Content starts

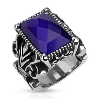 Achat Bague Homme Acier A Fleurs De Lys Sculptees Et Pierre Bleue Pas Cher
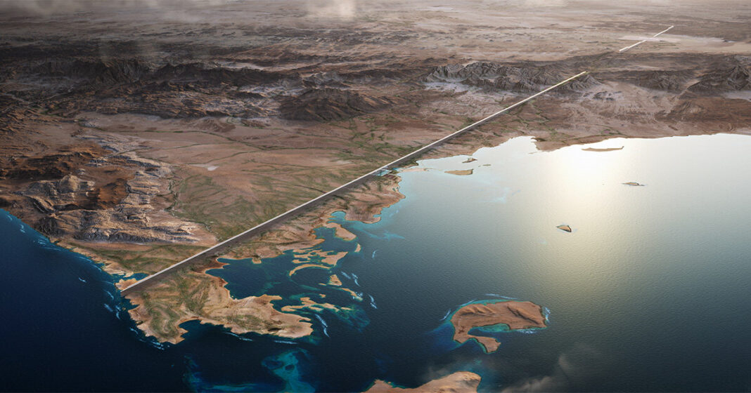 a 170-kilometer-long mirrored megacity slicing through the desert
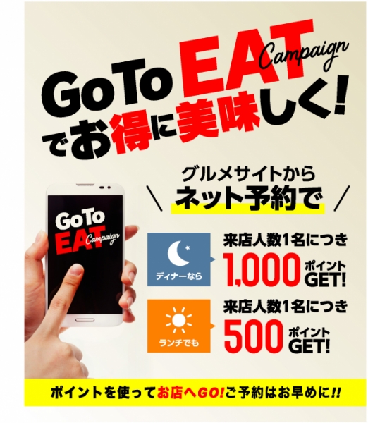 Go To Eatでお得に! 2020-10-26 10:34:17 Go To Eatでお得に!Go To Eatでお店を予約!ポイントでお得に Eat!ご予約お待ちしております!各店頭にQRコードをご用意しております。
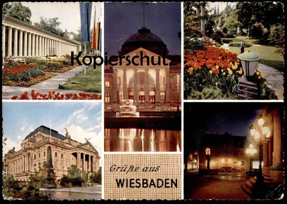 ÄLTERE POSTKARTE GRÜSSE AUS WIESBADEN BRUNNENKOLLONADE KURHAUS KURPARK THEATER ALTES RATHAUS DRUCKFEHLER cpa postcard
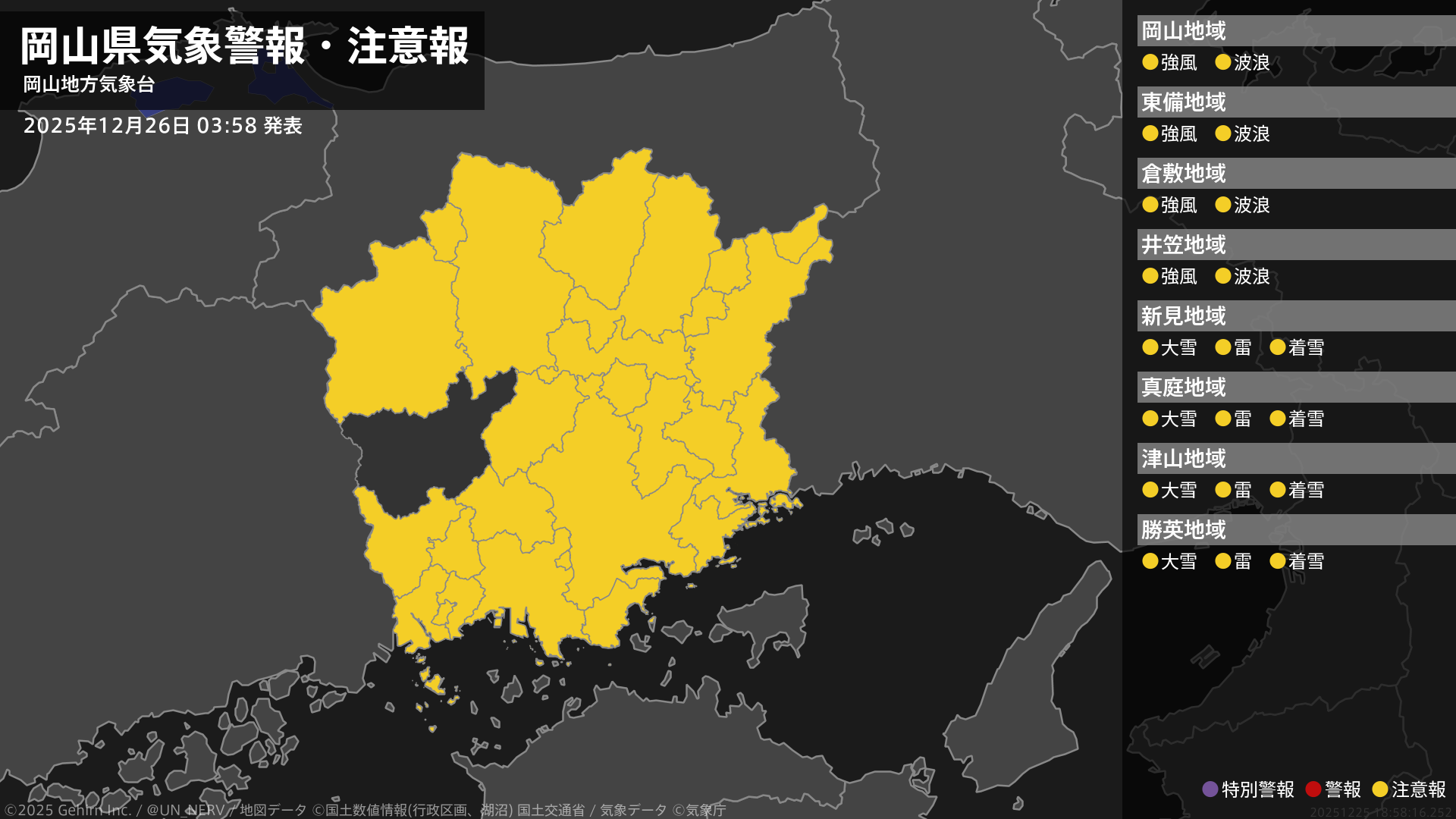【岡山県 気象警報・注意報 2025年12月26日 03:58】南部では、26日夕方まで強風や高波に注意してください。北部では、26日夜のはじめ頃まで大雪や電線等への着雪に、26日夕方まで落雷に注意してください。#気象警報注意報 #岡山県
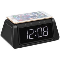 Часы настольные с беспроводным зарядным устройством Pitstop, черные
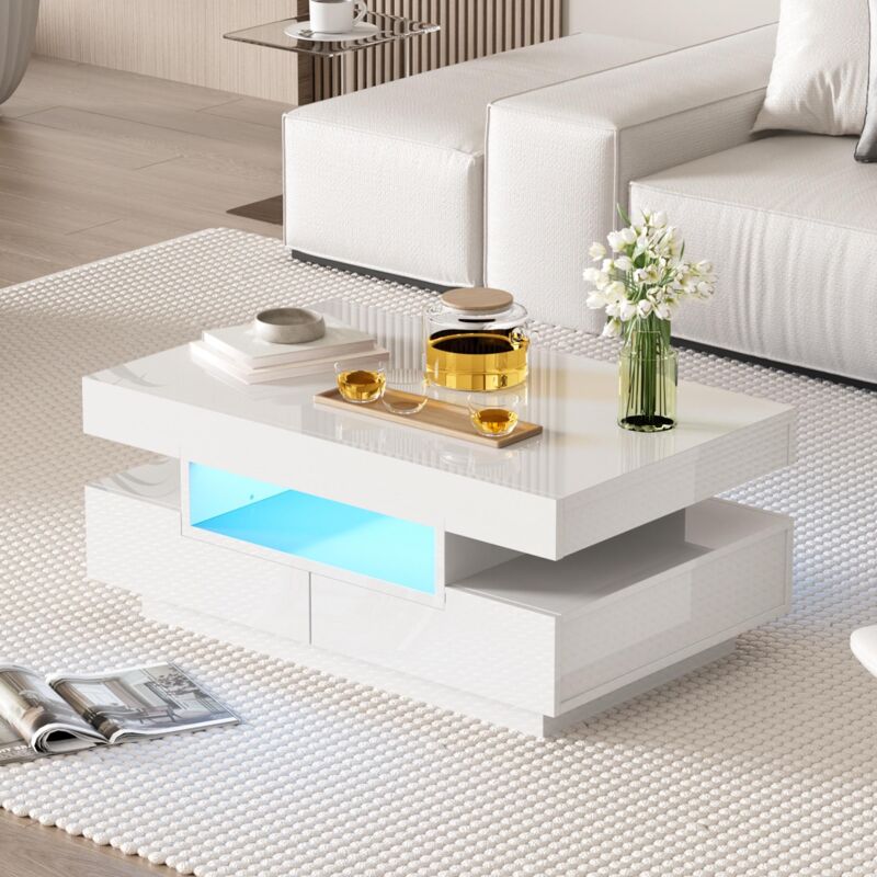 Dans Les Nuages - Table Basse rectangulaire, 80 cm - avec éclairage led, 2 Tiroirs, plateau de table en finition brillante - Blanc
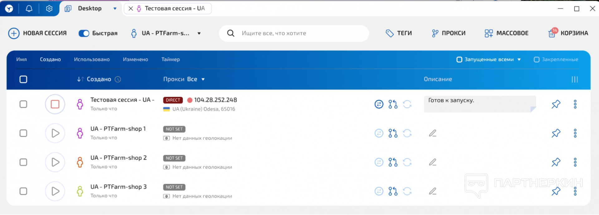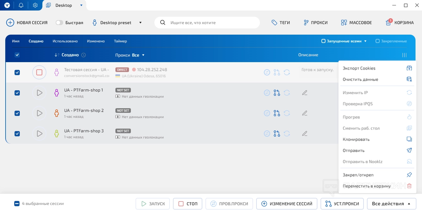 Управлять сессиями можно как массово, выбирая несколько сессии и применяя нужные команды, так и отдельно каждую. Доступны базовые функции типа экспорта куки, очистки всех данных сессии, проверка и смена IP, клонирование сессии, отправка сессии на другую почту (передача доступа к сессии без доступа к вашей учетной записи), удаление, а также закрепление/открепление сессии в топе (фиксируем рабочий профиль на первое место среди других сессий).
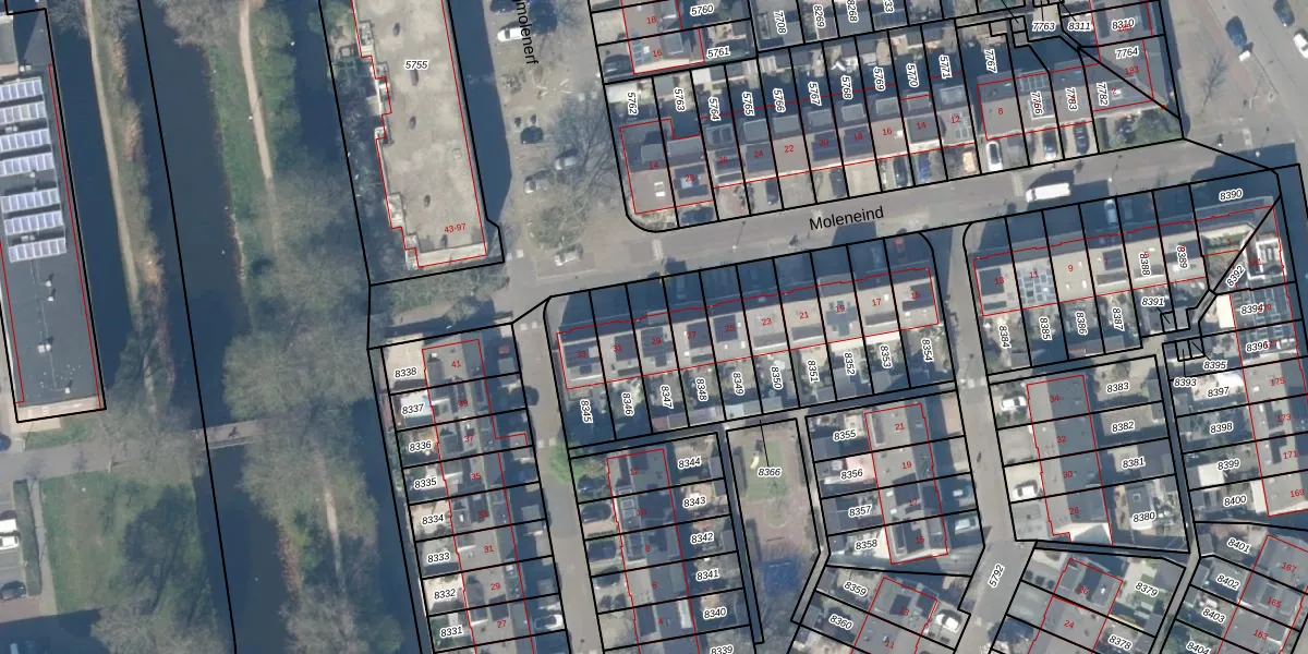 Gebruik de zoekbalk of klik op een perceel voor informatie over de adressen binnen dit perceel.
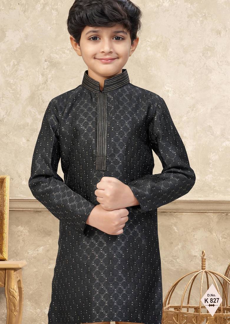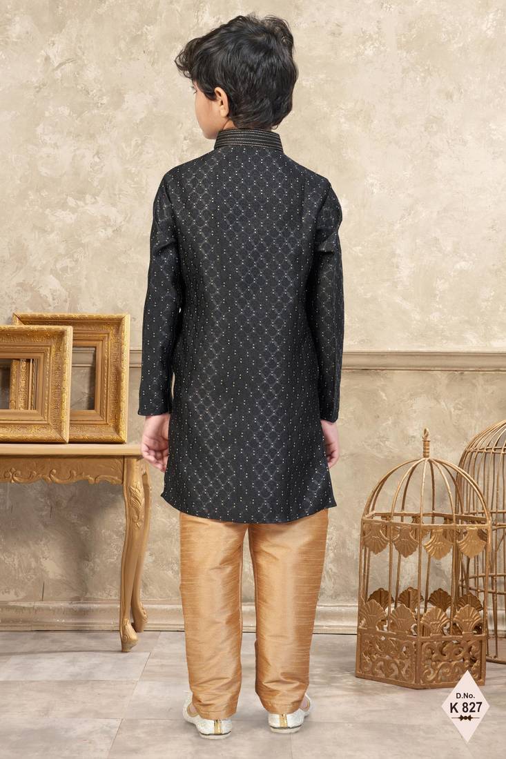 | Product Name | Black Banarasi Jacquard Woven Kurta Pajama For Boys | |
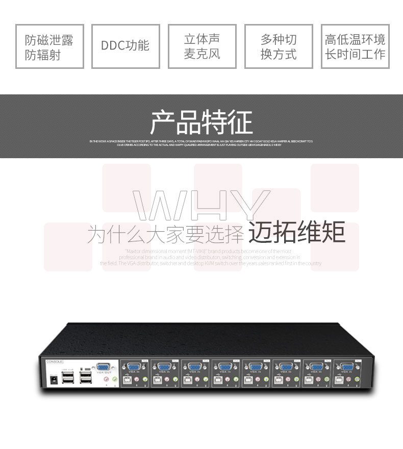 迈拓维矩MT-0801VK 工业级kvm切换器8进1出自动8口带OSD显示器电脑vga
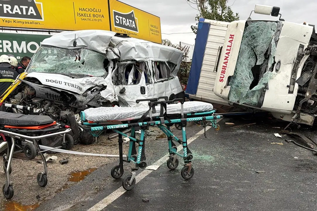 Tekirdağ’ın Ergene ilçesinde kamyonet ile işçileri taşıyan servis minibüsü çarpıştı. Velimeşe Mahallesi Avrupa Serbest Bölgesi yolunda meydana gelen kazada üç kişi hayatını kaybederken, dokuz kişi de yaralandı.
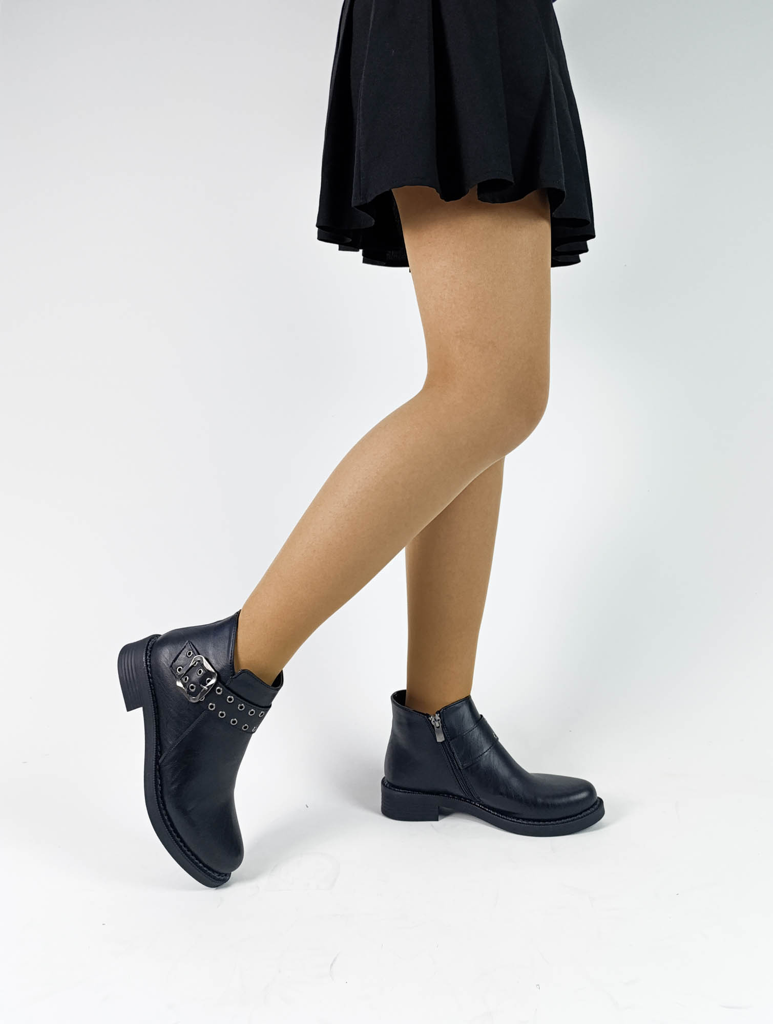 (White Line)Siyah Renk Fermuarlı Cilt Deri Kemer Aksesuarlı Kadın Bot
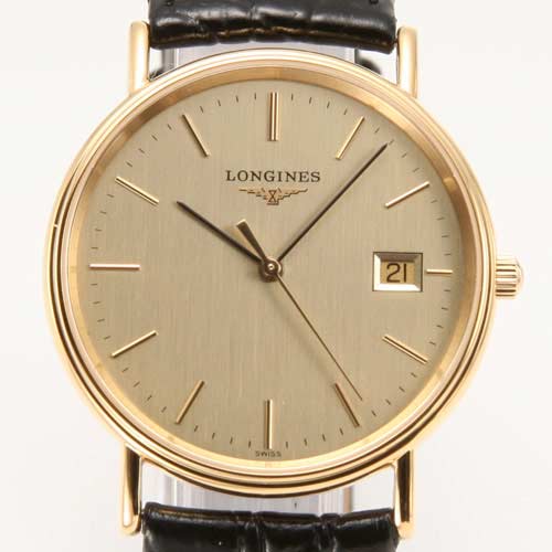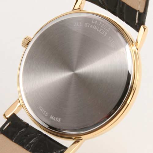 ゴールドの質感を十分に楽しませてくれる上品な仕上がり。文字盤とは違う輝きを放つ同色のバーインデックスでさらにフェイスに華を添えてくれます。3時位置にはデイト表示を配置。使う人の年代を問わず、長くお使いいただけるデザインです。
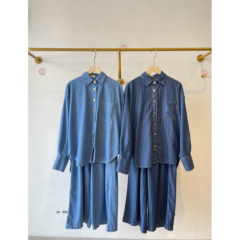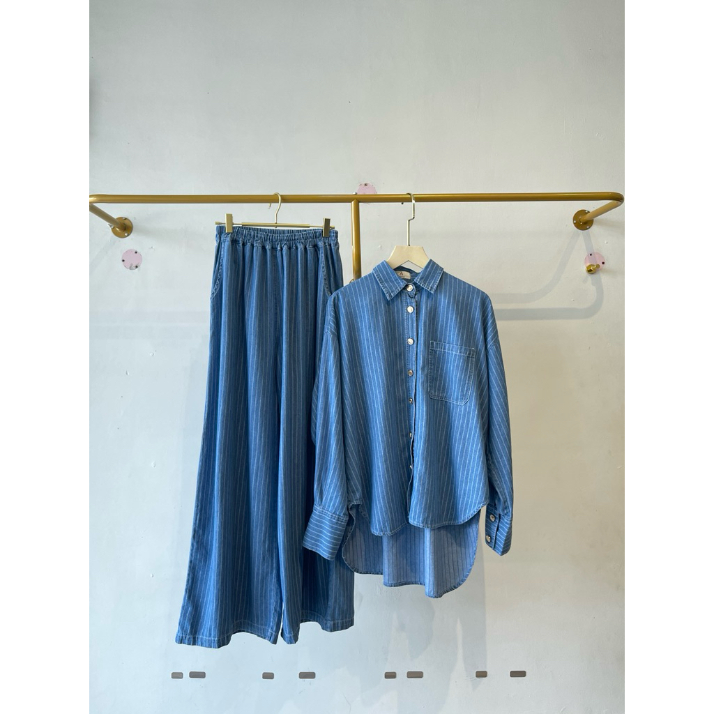 Lyora Setelan Celana Jeans Salur Wanita Nyaman
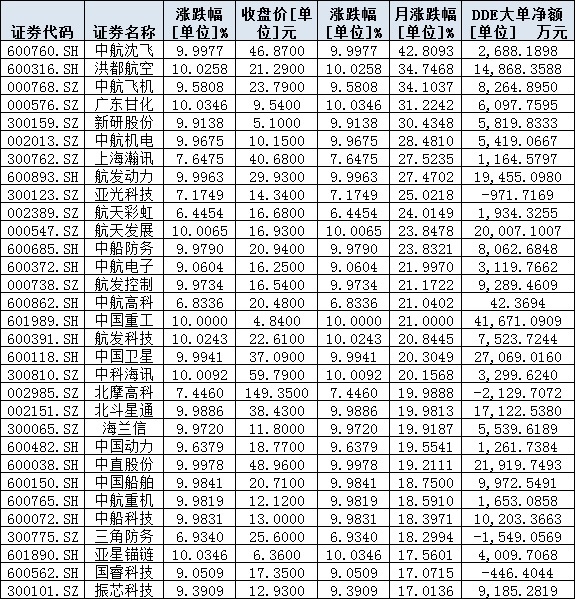 表:7月以來漲幅居前的軍工股情況

Content ends

What is required –
Keep the pictures out of your copy. Copy only the lines from the line that holds "For Boys | |" through the last line of the listing above, both included.

Result of the task –
 | Product Name | Black Banarasi Jacquard Woven Kurta Pajama For Boys | |
 迈拓维矩MT-0801VK 工业级kvm切换器8进1出自动8口带OSD显示器电脑vga
 Tekirdağ’ın Ergene ilçesinde kamyonet ile işçileri taşıyan servis minibüsü çarpıştı. Velimeşe Mahallesi Avrupa Serbest Bölgesi yolunda meydana gelen kazada üç kişi hayatını kaybederken, dokuz kişi de yaralandı.
 (White Line)Siyah Renk Fermuarlı Cilt Deri Kemer Aksesuarlı Kadın Bot
 ゴールドの質感を十分に楽しませてくれる上品な仕上がり。文字盤とは違う輝きを放つ同色のバーインデックスでさらにフェイスに華を添えてくれます。3時位置にはデイト表示を配置。使う人の年代を問わず、長くお使いいただけるデザインです。
 Lyora Setelan Celana Jeans Salur Wanita Nyaman
 表:7月以來漲幅居前的軍工股情況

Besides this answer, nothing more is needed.